In practice, the three tests overlap. For example, in Commercial Radio Coffs Harbour v Fuller, the finding that there was no inconsistency between Federal and State laws depended on all three tests. In doing so, the reasoning by Mason J. in Ansett Transport Industries (Operations) Pty Ltd v Wardley was affirmed:

If, according to the true construction of the Commonwealth law, the right is absolute, then it inevitably follows that the right is intended to prevail to the exclusion of any other law. A State law which takes away the right is inconsistent because it is in conflict with the absolute right and because the Commonwealth law relevantly occupies the field. So also with a Commonwealth law that grants a permission by way of positive authority. The Commonwealth legislative intention which sustains the conclusion that the permission is granted by way of positive authority also sustains the conclusion that the positive authority was to take effect to the exclusion of any other law. Again it produces inconsistency on both grounds: cf. Airlines of NSW Pty Ltd v New South Wales (No 2) , where the permission for which Commonwealth law provided was neither absolute nor comprehensive.

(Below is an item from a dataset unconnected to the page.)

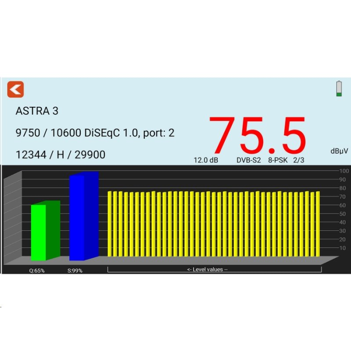 Měření signálu v normách DVB-S/S2/T/T2/C/C2/DAB/DAB+/H.264/H.265. CZ/SK MENU, spektrum, konstelace, NIT (detekce družice), monitoring DiSEqC. Zobrazení obrazu u FTA programů.
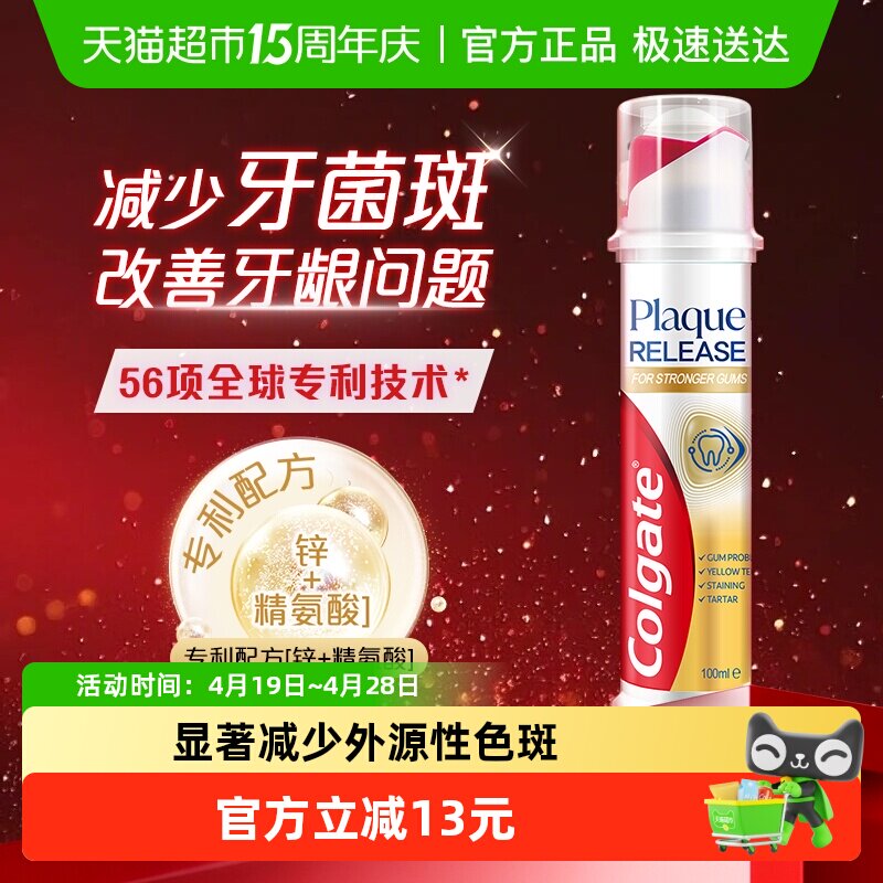 高露洁直立式牙膏按压式真空防蛀健齿含氟官方旗舰店正品130g*2

=== Clearing the field ===
The Commonwealth can avoid covering a legislative "field" by passing an express provision declaring its intention not to do so. This means in practice that the Commonwealth can control the operation of s.109 in a negative way by making it clear that related State laws are to operate concurrently with the Commonwealth law. The leading case is R v Credit Tribunal; Ex parte General Motors Acceptance Corporation, where Mason J. noted:

28. The judgments to which I have referred make the point that although a provision in a Commonwealth statute which attempts to deny operational validity to a State law cannot of its own force achieve that object, it may nevertheless validly evince an intention on the part of the statute to make exhaustive or exclusive provision on the subject with which it deals, thereby bringing s. 109 into play. Equally a Commonwealth law may provide that it is not intended to make exhaustive or exclusive provision with respect to the subject with which it deals, thereby enabling State laws, not inconsistent with Commonwealth law, to have an operation. Here again the Commonwealth law does not of its own force give State law a valid operation. All that it does is to make it clear that the Commonwealth law is not intended to cover the field, thereby leaving room for the operation of such State laws as do not conflict with Commonwealth law.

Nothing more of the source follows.